→ INPUT FOR THIS TASK:
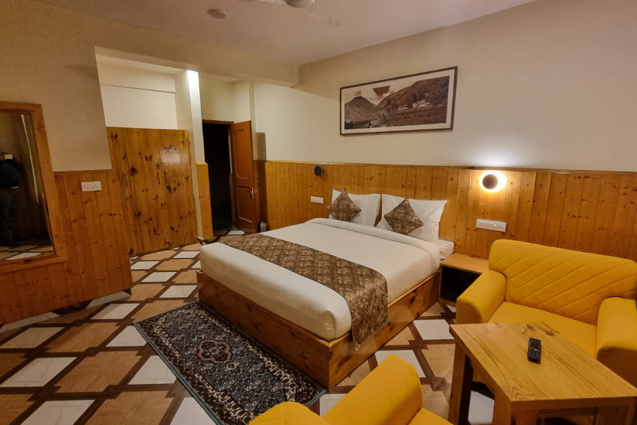 The Deluxe Room at Carom Inn, offers a perfect mix of comfort and contemporary style. Thoughtfully designed with warm tones and elegant furnishings, the room provides a cozy and relaxing ambiance ideal for unwinding after a day of exploring the hills. Large windows let in ample natural light and open up to picturesque views of the lush valleys and misty mountains.
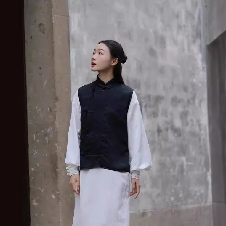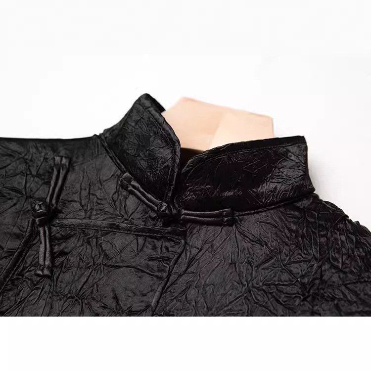 | nameOriginal | MS 2023 Early Autumn New Black Pleated Satin Chinese Style Slant Placket Buckle Vest |
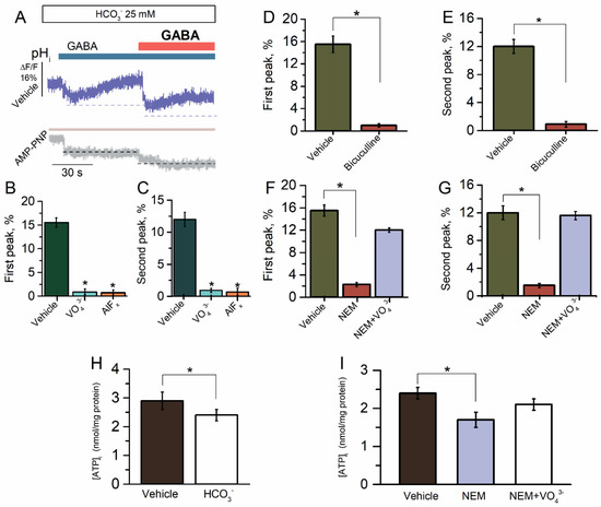 When exposed to NEM (300 μM), the GABA-mediated pHi changes were significantly eliminated for both the first and repeat application of GABA (Figure 3F,G). However, the NEM effect did not appear in the presence of VO43− (20 μM), thus indicating the energy-dependent method of action (Figure 3F,G). These data suggest that NEM and HCO3− have similar binding sites that are close to the ATP-hydrolyzing center. In order to ascertain this hypothesis, we examined the influence of HCO3− and NEM on [ATP]i. In the control samples, the concentration of [ATP]i was 3.0 nmol/mg protein and the addition of HCO3− (25 mM) induced a decrease in [ATP]i by 29.2 ± 1.0% (n = 6) (Figure 3H). Moreover, as shown in Figure 3I, the addition of NEM in the experience medium also resulted in a decline in [ATP]i by 37.6 ± 1.2% (n = 5). However, the influence of NEM on [ATP]i did not appear in the presence of VO43− (20 μM).
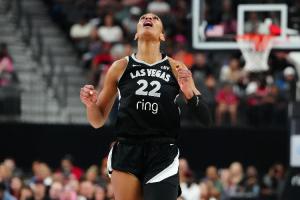 24直播网讯 WNBA季后赛半决赛G1,拉斯维加斯王牌主场73-89不敌印第安纳狂热,大比分0-1落后。王牌核心阿贾·威尔逊,刚获常规赛第4座MVP,本场仅得16分,状态低迷。狂热则靠凯尔西·米切尔34分的出色发挥取胜。
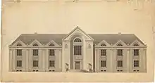 Genopførelsen af Sorø Akademi efter branden i 1813 blev fuldført i 1828. Her har Peder Maling ikke taget hensyn til de pavilloner, der blev reddet, resterne af Akademiets anden bygning, men i stedet valgt en simpel, lidt almindelig paladsstil. Uden at være noget betydeligt værk virker bygningen dog gennemført ved sin store, hvide facade mellem de frodige, grønne træer.
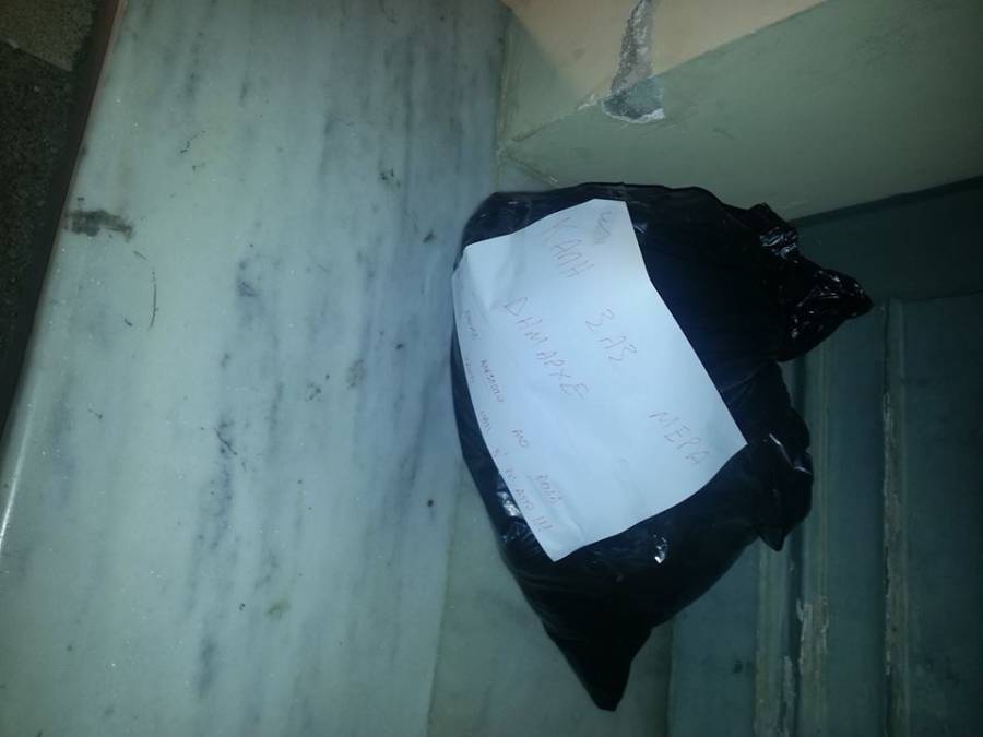 Αυτός που το εντόπισε το έβαλε σε μια μαύρη σακούλα και το απόθεσε στην είσοδο του Δημαρχείου, με ένα σημείωμα που έγραφε:

→ TASK ITEM:
The answer must be an exact copy of the lines above, from the start of the records through the line with "24直播网讯 WNBA季后赛", and of nothing else; no pictures belong in it.

→ RESPONSE BELOW:
 The Deluxe Room at Carom Inn, offers a perfect mix of comfort and contemporary style. Thoughtfully designed with warm tones and elegant furnishings, the room provides a cozy and relaxing ambiance ideal for unwinding after a day of exploring the hills. Large windows let in ample natural light and open up to picturesque views of the lush valleys and misty mountains.
 | nameOriginal | MS 2023 Early Autumn New Black Pleated Satin Chinese Style Slant Placket Buckle Vest |
 When exposed to NEM (300 μM), the GABA-mediated pHi changes were significantly eliminated for both the first and repeat application of GABA (Figure 3F,G). However, the NEM effect did not appear in the presence of VO43− (20 μM), thus indicating the energy-dependent method of action (Figure 3F,G). These data suggest that NEM and HCO3− have similar binding sites that are close to the ATP-hydrolyzing center. In order to ascertain this hypothesis, we examined the influence of HCO3− and NEM on [ATP]i. In the control samples, the concentration of [ATP]i was 3.0 nmol/mg protein and the addition of HCO3− (25 mM) induced a decrease in [ATP]i by 29.2 ± 1.0% (n = 6) (Figure 3H). Moreover, as shown in Figure 3I, the addition of NEM in the experience medium also resulted in a decline in [ATP]i by 37.6 ± 1.2% (n = 5). However, the influence of NEM on [ATP]i did not appear in the presence of VO43− (20 μM).
 24直播网讯 WNBA季后赛半决赛G1,拉斯维加斯王牌主场73-89不敌印第安纳狂热,大比分0-1落后。王牌核心阿贾·威尔逊,刚获常规赛第4座MVP,本场仅得16分,状态低迷。狂热则靠凯尔西·米切尔34分的出色发挥取胜。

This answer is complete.